Well, the technique is actually the same, but we need a slight adjustment to show that there exist such terms that are being cancelled off, as shown below:

$\begin{aligned} \prod_{m=1}^{10} \dfrac m{m+5} &=& \dfrac1{\cancel6} \times \dfrac2{\cancel7} \times \dfrac{3}{\cancel8} \times \dfrac4{\cancel9} \times \dfrac5{\cancel{10}} \times \dfrac{\cancel6}{11} \times \dfrac{\cancel7}{12} \times \dfrac{\cancel8}{13} \times \dfrac{\cancel9}{14} \times \dfrac{\cancel{10}}{15} \\ &=& \dfrac{1\times2\times3\times4\times5}{11\times12\times13\times14\times15} = \dfrac1{3003} . \end{aligned}$

However this is rather cumbersome and tedious, isn't it?
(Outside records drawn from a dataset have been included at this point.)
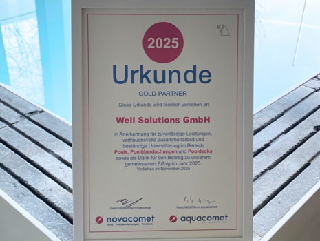 Wir sind Gold-Partner von Novacomet Wir freuen uns sehr, dass wir mit der Gold-Partner Urkunde von Novacomet und Aquacomet ausgezeichnet wurden. Diese Urkunde wurde uns feierlich verliehen als Anerkennung für unsere zuverlässigen Leistungen, die vertrauensvolle Zusammenarbeit sowie unsere Unterstützung im Bereich Pools, Poolüberdachungen und Pooldecks. Als Unternehmen, das sich auf hochwertige Poollösungen spezialisiert hat, legen […]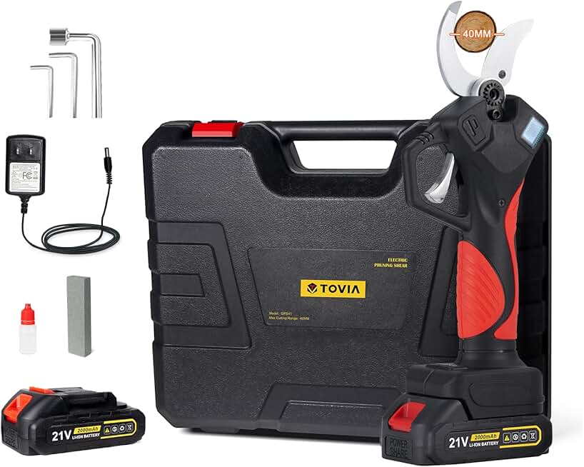 Electric Pruning Shears, T TOVIA Cordless Tree Pruner with 2 Pack 21V Lithium Battery, SK5 Blades, 1.6 Inch Cutting Diameter, Compatible for Makita 18V Battery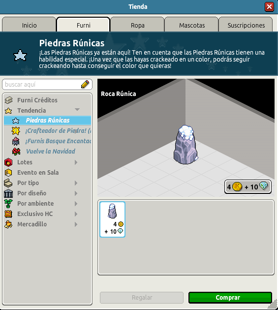 . Estarán disponibles por tiempo limitado, ya es la última vez que estarán disponibles en la tienda. Podrás crackear el furni tantas veces como quieras hasta obtener el color que prefieras. Utiliza la mesa de crafteo «Crafteador de Piedra que se encuentra en el catálogo por 10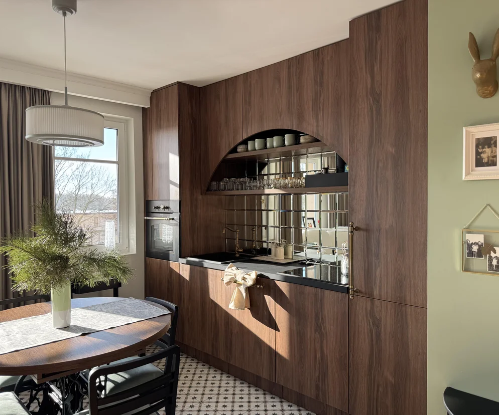Projekt prezentowanego mieszkania to historia minionych lat ze współczesnym design i tu stawiam kropkę. Wchodząc do mieszkania, widzisz otaczające cię bibeloty i pamiątki z lat międzywojennych, przenoszące w tamten okres. Za oknem rozbrzmiewa dźwięk dzwonów z sąsiadującego kościoła z charakterystycznymi kopułami, które stały się inspiracją do powstałego łuku w meblach kuchennych. To od tych kopuł wszystko się zaczęło.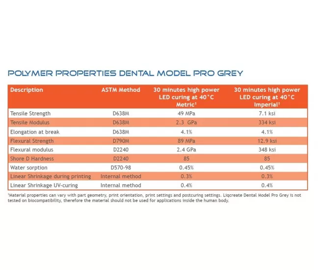 Liqcreate Dental Model Pro Grey ir matēts, necaurspīdīgs fotopolimērs ar pelēku krāsu. Matētā virsma izceļ modeļu dziļumu un detaļas, sniedzot lielisku skatu uz iegriezumiem, un virsma ir ideāli piemērota izdruku skenēšanai. 3D drukātām detaļām no šī materiāla ir izcila izmēru stabilitāte un zema saraušanās drukāšanas laikā, padarot tās ideāli piemērotas zobu modeļu ražošanai un iztaisnošanas kapu modeļiem.Liqcreate Dental Model Pro Grey ir viegli lietojams atvērtos SLA, MSLA un DLP 3D printeros 385-420 nm diapazonā.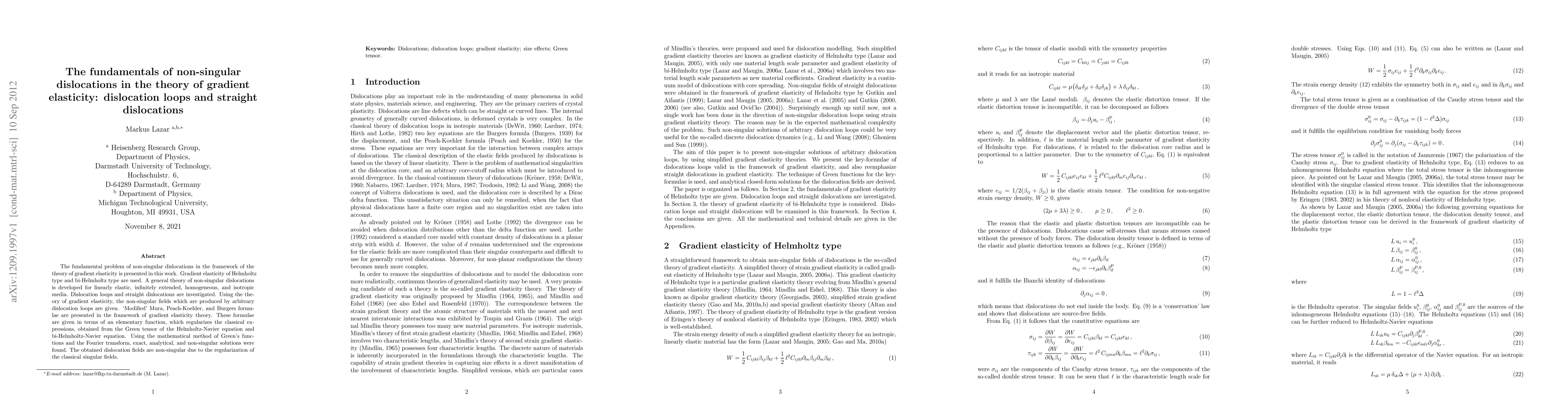 This paper develops a general theory of non-singular dislocations in gradient elasticity, focusing on Helmholtz and bi-Helmholtz types. It presents modified classical formulae and exact, analytical, non-singular solutions for dislocation loops and straight dislocations using Green's functions and Fourier transforms.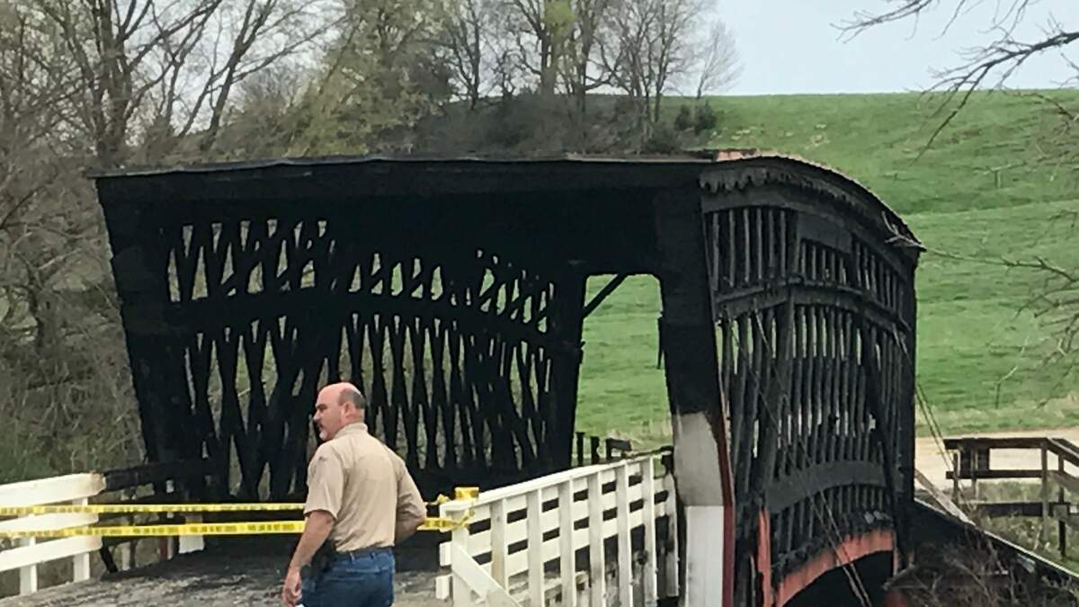 Historic Cedar Bridge in Madison County destroyed by arson.  Photo WHO TV

Are we supposed to write out all the fractions to identify which terms should be cancelled off? No, we are not.

Notice that for each of the fractions in the product $\prod_{m=1}^{10} \frac m{m+5}$, the numerator is always 5 less than the denominator, so only after the $5^\text{th}$ term are we able to see that the terms start to cancel out. So we can rewrite this as $\prod_{m=1}^{10} \frac{T(m-5)}{T(m)}$, where $T(m) = m+5$. With the fraction (in the product) written as a function of $m$, it will be easier to determine how a product telescopes.

To generalize all such telescoping products (products that are able to telescope, i.e. able to cancel out 1 or more terms in pairs), we define $\displaystyle \prod_{m} S(m)$ to be able to telescope if it can be expressed in the form of $\prod \frac{T(m\pm k)}{T(m) }$ for some integer $k$. To illustrate this point, let us define two terms: backward cancellation and forward cancellation.

Backward cancellationis the cancellation of terms in pairs in the case that the term(s) in the denominator of a fraction is(are) cancelled out with the term(s) in the numerator of a later fraction, where the product can be expressed as $\prod \frac{T(m- k)}{T(m) }$ for some positive integer $k$.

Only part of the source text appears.